(Provided material):
☆ ☆ ☆ ☆ ☆
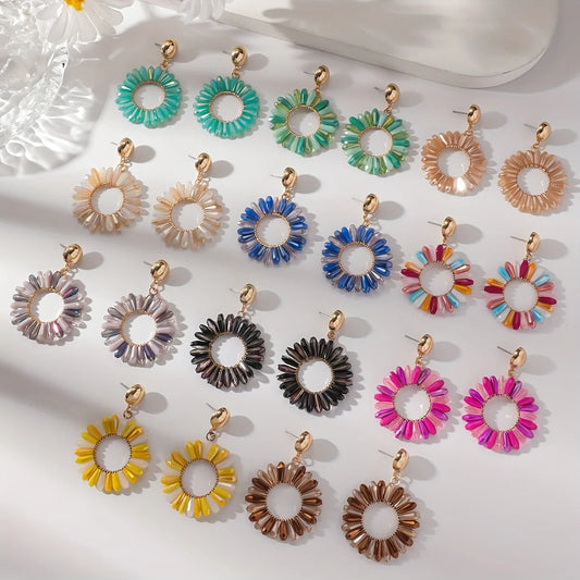 Brincos Boêmios com Flor Oca e Strass Multicoloridos
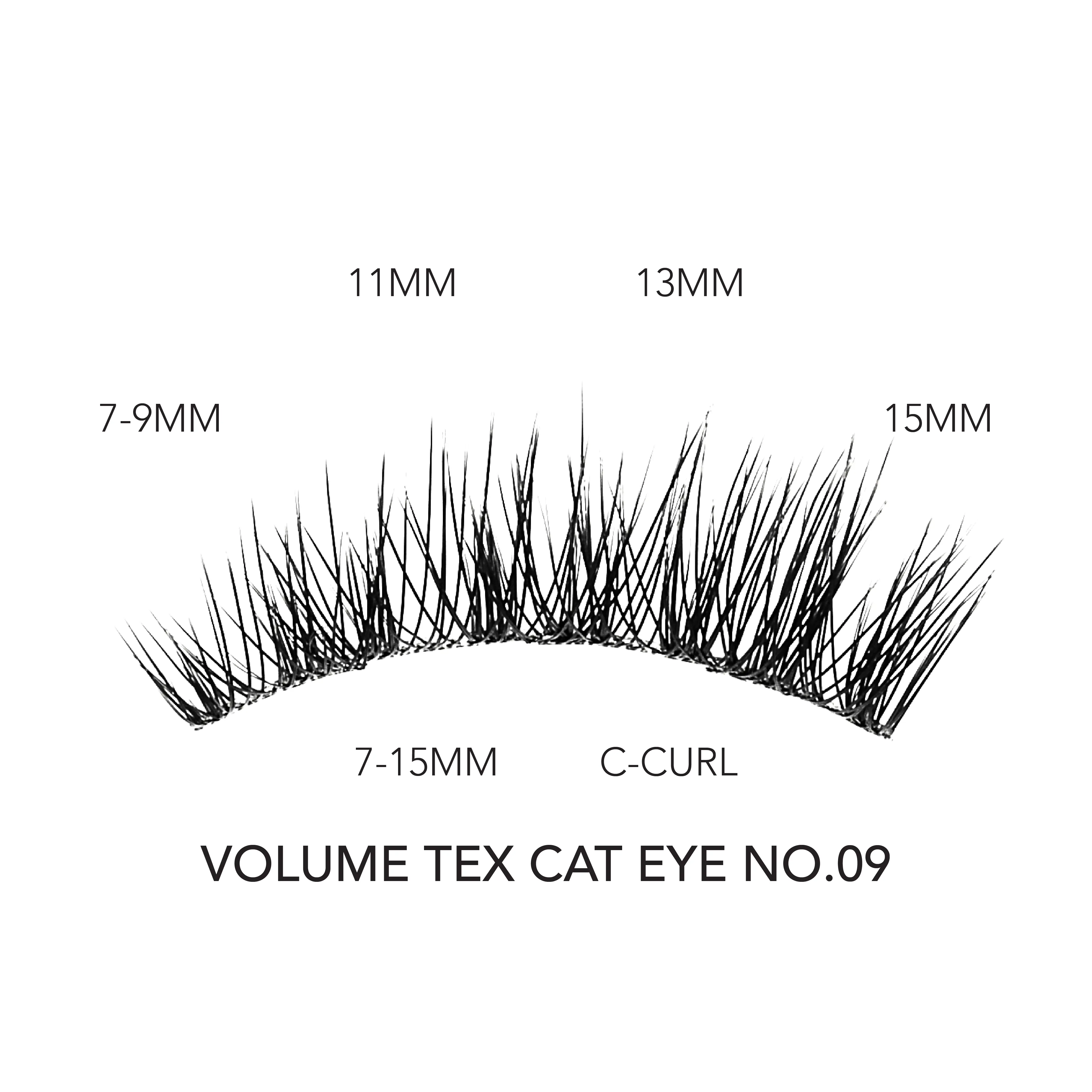 ·Volume Textured Cat Eye No. 09 – Crafted by our expert Lash Artists, this lash extension gives you a bold, textured look with a tapered cat-eye finish for an elongated effect; these SoftWear eyelash clusters are easy to apply, 30% lighter than our ProWear styles, reusable, and seamless
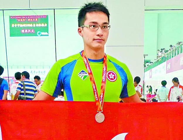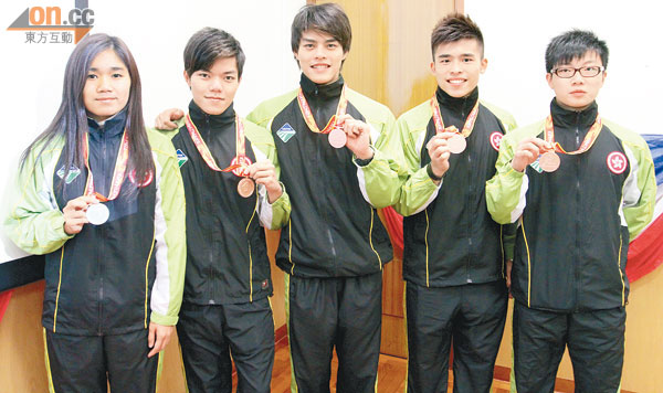 港隊全大運豐收昨慶功 香港代表團今年9月在天津的全國大學生運動會,取得一銀五銅佳績,昨日一眾獎牌得主出席在香港中文大學體育中心舉行的祝捷會。游泳代表張詠芝在女子甲組50米自由泳勇奪銀牌,江己概在男子甲組100米及200米自由泳掛銅,邱嘉琳和鄭嘉俊分別在100和200米蝶泳取得銅牌。武術「對練」代表李健暉在十字韌帶撕裂下仍與吳晉毅贏得銅牌。香港將派隊參加明年在俄羅斯喀山舉行的「第廿七屆世界大學生夏季運動會」。 五名大專運動員展示在全國大學生運動會所得的獎牌。 東方日報 2012-11-19
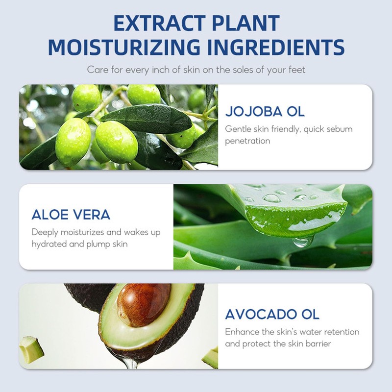 Moisturizing and hydrating: in moisturizing ingredients, it can deeply moisturize the foot skin, replenish , and increase skin content.
☆ ☆ ☆ ☆ ☆
(Task brief):
If a line holds a picture, skip the picture and transcribe the rest of the material exactly.

(Result of the exercise):
 Brincos Boêmios com Flor Oca e Strass Multicoloridos
 ·Volume Textured Cat Eye No. 09 – Crafted by our expert Lash Artists, this lash extension gives you a bold, textured look with a tapered cat-eye finish for an elongated effect; these SoftWear eyelash clusters are easy to apply, 30% lighter than our ProWear styles, reusable, and seamless
 港隊全大運豐收昨慶功 香港代表團今年9月在天津的全國大學生運動會,取得一銀五銅佳績,昨日一眾獎牌得主出席在香港中文大學體育中心舉行的祝捷會。游泳代表張詠芝在女子甲組50米自由泳勇奪銀牌,江己概在男子甲組100米及200米自由泳掛銅,邱嘉琳和鄭嘉俊分別在100和200米蝶泳取得銅牌。武術「對練」代表李健暉在十字韌帶撕裂下仍與吳晉毅贏得銅牌。香港將派隊參加明年在俄羅斯喀山舉行的「第廿七屆世界大學生夏季運動會」。 五名大專運動員展示在全國大學生運動會所得的獎牌。 東方日報 2012-11-19
 Moisturizing and hydrating: in moisturizing ingredients, it can deeply moisturize the foot skin, replenish , and increase skin content.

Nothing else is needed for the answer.